Em sua recente passagem por São Paulo, onde esteve presente no lançamento de seu filme, Coppola declarou, usando a ironia e deixando de lado aquela falsa seriedade que por vezes acomete estrelas do cinema e de outras áreas, que não se deveria levar muito a sério seu filme. E narrou também um acontecimento pouco conhecido ou mesmo ignorado. Durante o exílio em parte do regime militar - o cineasta voltou ao Brasil durante o governo Figueiredo e no documentário História do Brasil elogiou a abertura promovida pelo presidente Geisel - Glauber Rocha esteve em sua casa e recebeu apoio e solidariedade. Talvez Coppola, até por causa de tal amizade, conheça o já citado Terra em transe, pois é impossível não ver em Megalópolis influências daquela outra tentativa de impor alegorias à realidade, em vez de retirar desta o significado a ser contemplado. Eis um fato a ser destacado: um dos maiores cineastas do mundo partindo de um modelo criado por um cineasta de um país que em alguns momentos se destacou na cena mundial. Na época do lançamento de Terra em transe, um de seus admiradores citou Picasso para defender Glauber e suas investidas contra a realidade, lembrando que Les Demoiselles d'Avignon foi uma obra ridicularizada na época, esquecendo que elas não falam e são imóveis. Agora é Coppola que aposta num futuro no qual as formas reais não tenham suas formas alteradas, mas sim seu comportamento. E também a passagem do tempo.

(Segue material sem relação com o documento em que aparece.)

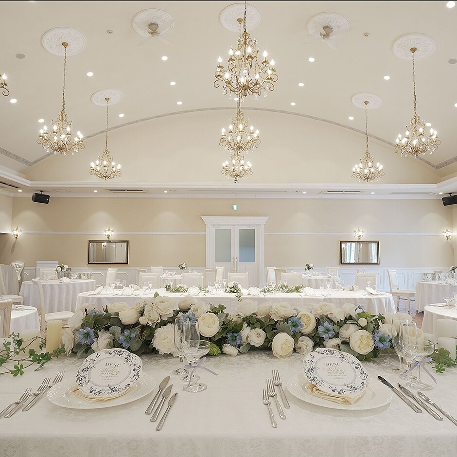 おふたりのゲストの構成や人数によって最適なレイアウトをご提案いたします。また横長の会場のため、ゲストのお顔が良く見える、ゲストとの距離が近く感じられるレイアウトになっているのも特徴です◎ -
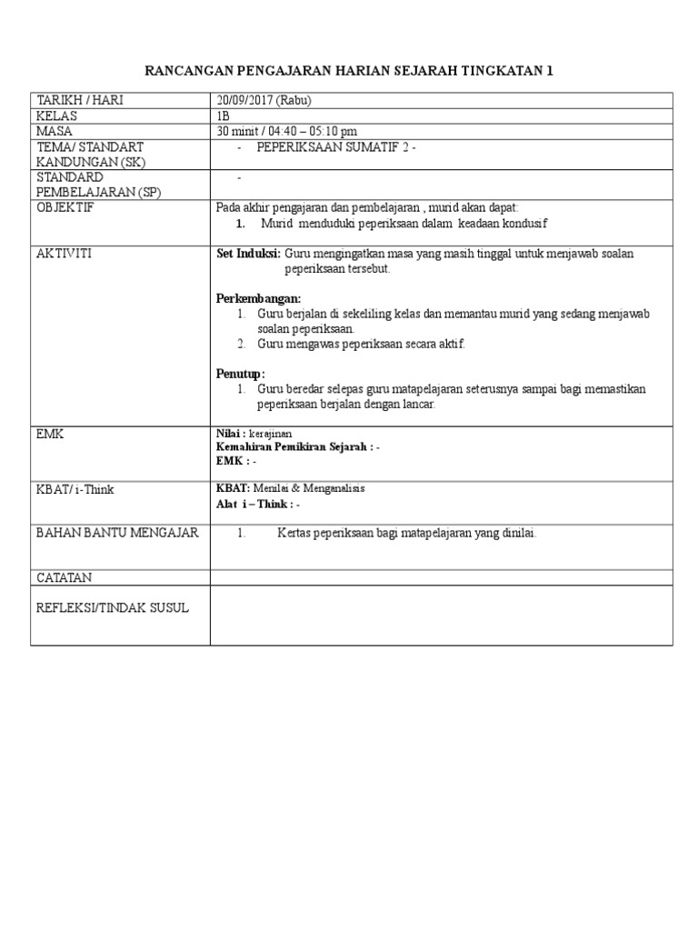 Contoh Rph Sejarah Kssm Tingkatan 1
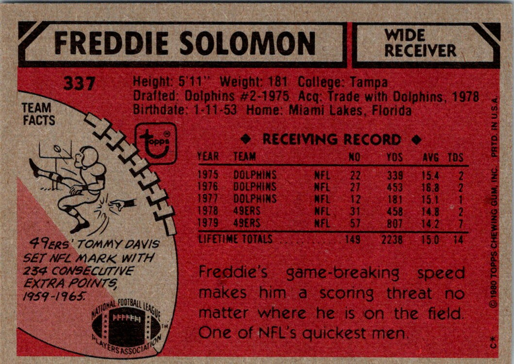 This 1980 Topps Freddie Solomon #337 is the perfect addition to any San Francisco 49ers collection. Featuring a unique design and classic football imagery, this card is sure to please any collector. Freddie Solomon is featured in his iconic 49ers uniform, with a bright red and gold background and a black and white team logo. The card also features a classic Topps design, with its own unique details and color scheme. Get your hands on this classic and add it to your collection today!
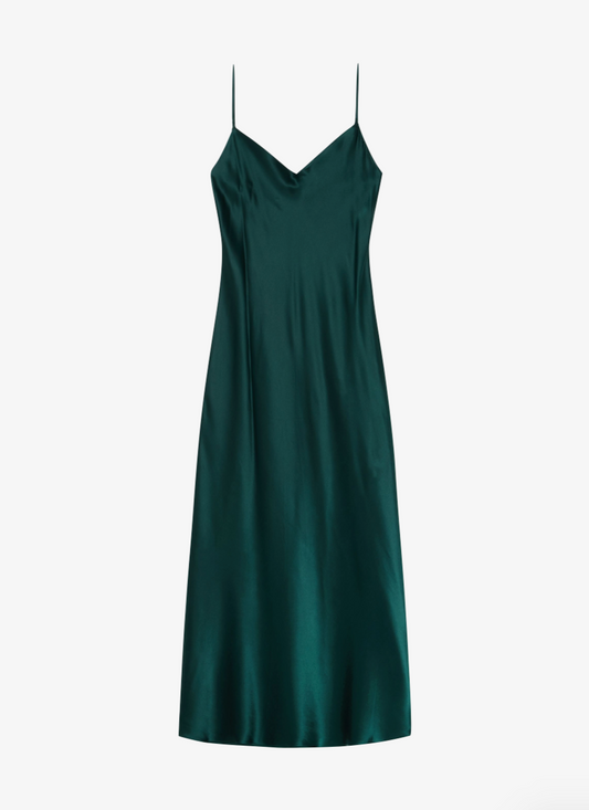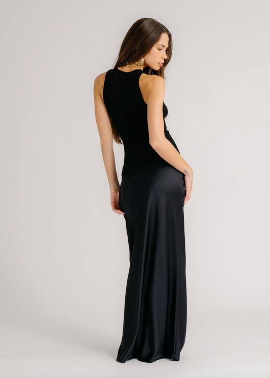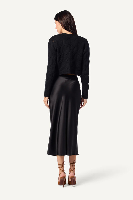 Miranda Scallop Trim Silk Midi Skirt in Black

A discussão tem sua importância, porém o espectador não deve esperar um filme realizado segundo propostas até hoje válidas, algo que o próprio Coppola provou em outros filmes. O projeto é arriscado e o fracasso nas bilheterias mundiais atesta tal afirmação. Eis um olhar sobre a crise atual como se ela fosse uma repetição dos conflitos vividos por Roma. Catilina e Cícero estão outra vez em conflito, mesmo que em papéis não exatamente iguais. Um arquiteto e humanista, vencedor do Prêmio Nobel, projeta não apenas uma cidade, pois pretende criar um mundo novo. Tem como inimigo um prefeito adepto de um pragmatismo que visa apenas o material. São famílias em conflito, assim como em Romeu e Julieta, sendo que Shakespeare também comparece com o célebre solilóquio do príncipe em Hamlet e na referência, através do primeiro nome do protagonista, a outra peça do bardo. Tudo é uma mescla de referências, citações e homenagens. Tudo forma aquilo que Coppola aposta ser o cinema do futuro, criado para ser visto por uma Humanidade formada pelo conhecimento e pela lucidez. Uma esperança contida no plano de encerramento.